A chapter before the vision of the dry bones, Ezekiel reveals the signs according to which we will know that the exile has come to an end: “…mountains of Israel, you shall shoot forth your branches and yield your fruit to My people Israel, for they are about to come” (Ezekiel 36). At the beginning of the fourth century C.E., one of the Amoraim, Rabbi Abba, made aliyah to the Land of Israel despite the objections of his rabbi and his environment. He saw in Ezekiel’s description a clear sign of the redemption of the people and the Land. In the Talmud, Tractate Sanhedrin, Abba says, “There can be no more manifest [sign of] redemption than this,” while Rashi in his commentary from exile in France in the 11th century says: “When the Land of Israel becomes so very fertile, the end (of the exile) is near, and there can be no clearer sign than this.”
So, on Tu Bishvat, alongside dried fruits that remind us of the exile, we should add to our festive table fresh fruits harvested in our land. It is important that we support our farmers and Israeli agriculture, even if it costs more. Eretz Israel is worth the cost. Thus, we will hold on to the earth of the Good Land and ensure we do not return to exile.
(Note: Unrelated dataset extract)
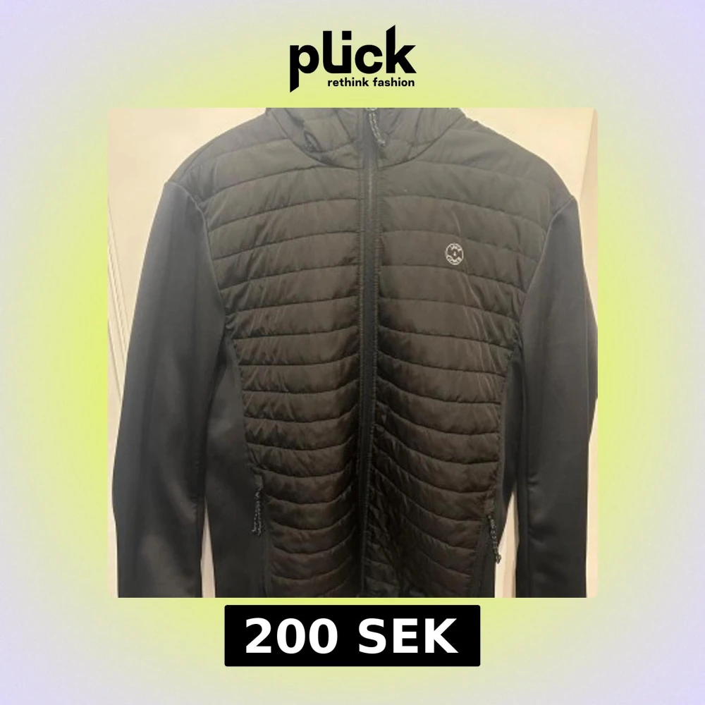 Snygg svart jacka med quiltad design och huva. Jackan har dragkedja framtill och ett stilrent märke på bröstet.

Later in the prophecy of the mountains shooting forth branches, Ezekiel describes what many generations dreamed about and what we have had the fortune to witness with our own eyes: “…and the cities shall be inhabited and the ruins rebuilt… I will multiply upon you man and beast; and they shall increase and bear young; I will make you [i.e. the land] inhabited as in former times… My people Israel, they shall take possession of you, and you shall be their inheritance...” (Ezekiel ibid).
Happy Tu Bishvat.
Dror Eydar is Israel’s ambassador to Italy.